Approximately 30 million people have sleep apnea, but only six million are correctly diagnosed with sleep apnea in the United States. When we’re asleep, our bodily functions keep us breathing as normal without our conscious awareness. However, sleep apnea causes a person to stop breathing entirely, and the lack of oxygen forces them to wake up and breathe. The abrupt, repeated pattern of awakening prevents the person from getting restful sleep and can have other harmful repercussions.
What is Sleep Apnea?
There are several but the three most common are obstructive sleep apnea (OSA), central sleep apnea (CSA), and treatment-emergent central sleep apnea. In all three cases, it occurs when a sleeping person stops and starts breathing repeatedly. However, the reason for the irregular breathing varies for each.

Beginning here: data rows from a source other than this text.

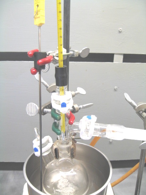 The reaction was very smooth but does generate significant heat. Hence the reflux condenser.
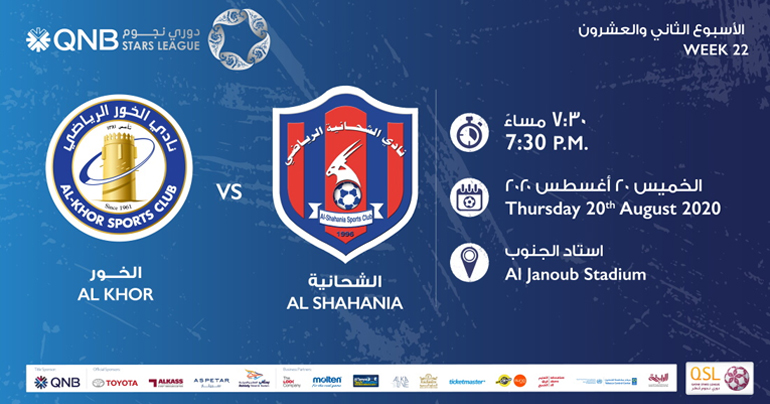 Al Khor face Al Shahania in Week 22 of the 2019-20 QNB Stars League. The kick-off is at 19:30 at the Al Janoub Stadium on Thursday, 20th August, 2020.
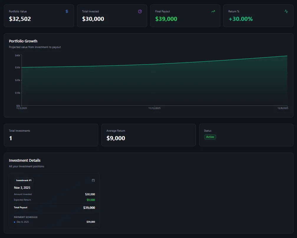 Watch your investment grow with daily balance updates showing real-time progress toward your 60% return
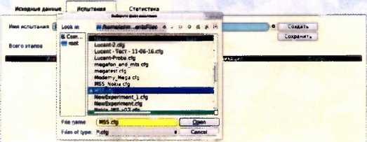 - выбрать имя испытаний или создать новую настройку испытаний, щелкнув по кнопке Создать, откроется окно, рисунок 4, в котором можно выбрать ранее созданную настройку или ввести имя в бокс File name, например, имя СИДС и сохранить, нажав на кнопку Save.
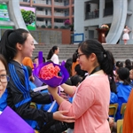 花儿的成长离不开园丁的栽培,学生的成长离不开教师的付出。面对又一届优秀的毕业生,教师代表干敏老师有些心里话要说。干老师带着学生回忆着这三年,一千多个日子啊,快乐而难忘。当初,满脸稚气孩子们的进入新的校园,懵懂无知,各种调皮捣蛋;现在,学生们学业有成,为了美好的未来而奋斗着。干老师对学生们说:知道吗?老师们貌似严厉的外表深处,对你们充满了喜爱与欣赏:知道吗?老师们以你们为自豪!谁不爱自己用心血灌溉的小树苗呢?更何况你们茁壮地成长着,由嫩软到硬朗,由细弱到刚强,长出了力量,焕发出向往蓝天的美好憧憬。严厉只是老师的外表,内心都是对学生满满的爱。场下学生无不被干老师质朴而深情的话语感动。师恩难忘,师恩,永不忘!为了让学生也表达对老师和学校的感恩之情,本次毕业典礼新增了为教师鲜花环节。各班学生代表在学生的阵阵欢呼声中,走向教师就坐区,为本年级90多名教师献上鲜花,略表对老师的谢意,随后的学生代表发言朴实无华,忆往昔、谈人生,表达了对学校的留恋和不舍。场面温馨动人,部分师生泪眼朦胧,掀起了活动的小高潮,充分体现了毕业典礼感恩的目标。
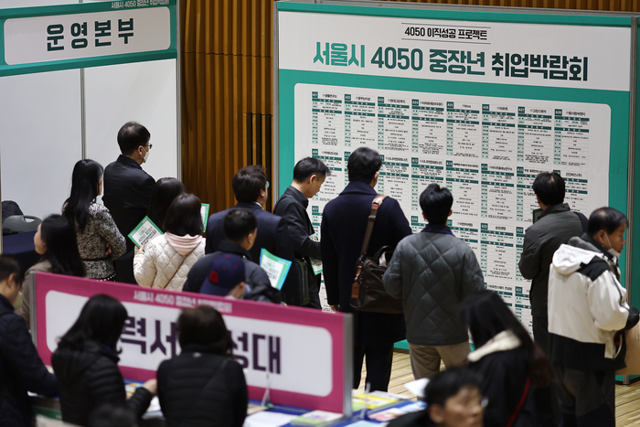 6일 서울시청에서 2025 서울시 4050 중장년 취업박람회가 열리고 있다.[사진제공=연합뉴스] 국내 주요 대기업에 다니는 여성 직원의 연봉은 남성의 70% 수준이고,전체 직원 중 여성은 4명 중 1명꼴인 것으로 나타났다.
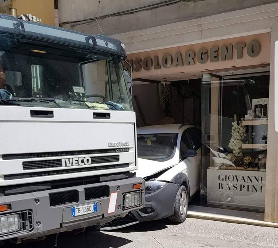 Un camion per la raccolta della carta ha seminato il panico nel pomeriggio di martedì 24 luglio in via Maestra, a Poggibonsi. Si è fermato solo dopo aver colpito un’auto che è andata a distruggere la vetrina del negozio “Nonsoloargento”.

- OSA is caused by bodily conditions that block the upper airway tract. For example, the person’s tongue may block the airway, or their throat muscles may block the airflow into the person’s lungs.
- For CSA, the person’s brain doesn’t send the correct signals to the muscles necessary for unconscious breathing.

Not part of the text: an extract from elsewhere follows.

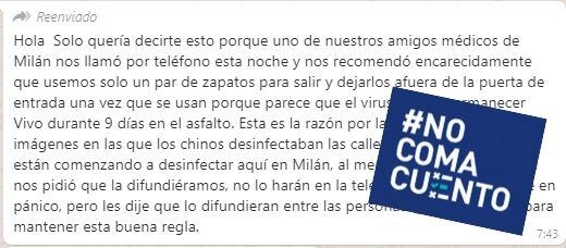 “Uno de nuestros amigos médicos de Milán nos llamó por teléfono esta noche y nos recomendó encarecidamente que usemos solo un par de zapatos para salir y dejarlos afuera de la puerta de entrada una vez que se usan porque parece que el virus puede permanecer vivo durante 9 días en el asfalto”, dicen los mensajes, sin fundamento.
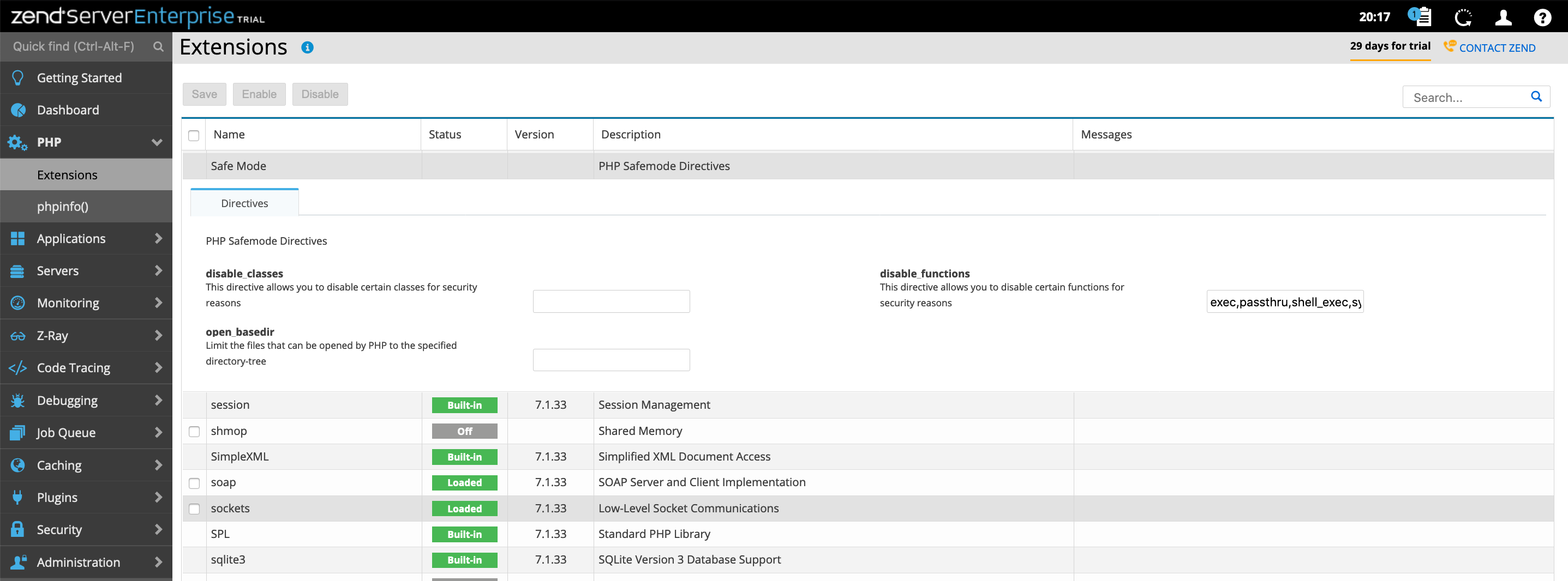 Chercher “Safe Mode” et dans “disable_functions” ajouter les fonctions suivantes : exec,passthru,shell_exec,system,proc_open,popen,curl_exec,curl_multi_exec,parse_ini_file,show_source

- Treatment-emergent central sleep apnea is a combination of both OSA and CSA; a patient will have OSA and receive treatment for OSA, but they will later develop CSA, resulting in this complex sleep apnea.
Risk Factors of Sleep Apnea
Some risk factors for sleep apnea include age, genetics, and lifestyle habits. As a person ages, the amount of fatty tissue in their neck and tongue increases the potential for airway blockage and their risk for developing obstructive sleep apnea.

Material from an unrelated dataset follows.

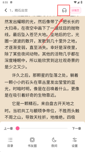 4、点击耳机图标即可开启听书功能,享受声声入耳的阅读乐趣。

As for genetics, genetic material determines the shape of one’s skull, face, and upper airway, and some of those features are more conducive to OSA. For example, larger and thicker tonsils, tongues, and necks narrow the upper airway track, making it easier for airflow to be blocked. Additionally, conditions like Down syndrome, cleft lip, and cleft palate also increase the risk of sleep apnea. Recent research has determined that sleep apnea is more common in men than women.
Smoking and drinking can also increase the risk of sleep apnea. Smoking promotes inflammation, narrowing the tract, while the chemicals in alcohol induce relaxation into the mouth and throat muscles which may result in closure of the upper airway.
Symptoms of Sleep Apnea
Symptoms for both obstructive and central sleep apneas include but are not limited to:
- Loud snoring
- Gasping for air while sleeping
- Waking up with a dry mouth
- Insomnia
- Hypersomnia
- Morning headaches
- Mood changes
Diagnosis of Sleep Apnea
The most common ways to diagnose sleep apnea are polysomnograms and at-home sleep apnea testing. Polysomnograms are overnight tests in which a patient suspected to have sleep apnea sleeps in a lab overnight, where their heart rate, breathing, oxygen levels, and brain waves are monitored. At-home sleep apnea testing is similar to polysomnograms but does not consider brain wave data. While they’re easier to conduct, at-home tests can’t be used if the patient has other sleeping disorders and may not be 100% accurate in its diagnosis. Medical professionals will commonly recommend polysomnograms after an initial at-home sleep apnea test is completed.
Sleep Apnea Treatment
Since there are various causes, there is also a wide range of treatments for sleep apnea. Weight loss, nasal sprays, medication changes, and sleeping position changes are a few conservative treatments. While these treatments cannot completely treat sleep apnea, it’s possible that they can reduce sleep apnea enough so that the patient is no longer affected by it.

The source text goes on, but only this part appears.